Problem details >> Every line with the word "piece" in it should be extracted from the data that follows.

Records from a collection
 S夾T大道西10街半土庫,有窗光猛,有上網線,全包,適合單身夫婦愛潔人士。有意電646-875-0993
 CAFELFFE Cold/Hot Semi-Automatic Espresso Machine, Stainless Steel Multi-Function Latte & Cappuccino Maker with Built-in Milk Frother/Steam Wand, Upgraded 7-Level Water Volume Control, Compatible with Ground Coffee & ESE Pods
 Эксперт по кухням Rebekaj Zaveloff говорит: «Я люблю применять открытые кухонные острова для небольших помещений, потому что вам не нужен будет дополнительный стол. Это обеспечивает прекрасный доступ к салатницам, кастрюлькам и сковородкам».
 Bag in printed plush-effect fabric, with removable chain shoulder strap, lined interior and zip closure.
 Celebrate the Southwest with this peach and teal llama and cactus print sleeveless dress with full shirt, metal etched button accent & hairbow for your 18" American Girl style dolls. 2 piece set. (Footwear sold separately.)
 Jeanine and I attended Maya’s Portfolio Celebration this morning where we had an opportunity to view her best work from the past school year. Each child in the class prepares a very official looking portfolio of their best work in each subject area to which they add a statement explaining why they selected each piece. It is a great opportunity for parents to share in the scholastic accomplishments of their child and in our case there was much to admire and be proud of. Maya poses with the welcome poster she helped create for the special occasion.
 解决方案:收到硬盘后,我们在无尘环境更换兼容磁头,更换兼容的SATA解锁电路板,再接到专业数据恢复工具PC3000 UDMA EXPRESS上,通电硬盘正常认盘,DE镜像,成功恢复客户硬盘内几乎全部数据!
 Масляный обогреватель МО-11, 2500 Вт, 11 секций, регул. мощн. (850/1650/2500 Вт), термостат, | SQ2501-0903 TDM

Response to the task >>
 Celebrate the Southwest with this peach and teal llama and cactus print sleeveless dress with full shirt, metal etched button accent & hairbow for your 18" American Girl style dolls. 2 piece set. (Footwear sold separately.)
 Jeanine and I attended Maya’s Portfolio Celebration this morning where we had an opportunity to view her best work from the past school year. Each child in the class prepares a very official looking portfolio of their best work in each subject area to which they add a statement explaining why they selected each piece. It is a great opportunity for parents to share in the scholastic accomplishments of their child and in our case there was much to admire and be proud of. Maya poses with the welcome poster she helped create for the special occasion.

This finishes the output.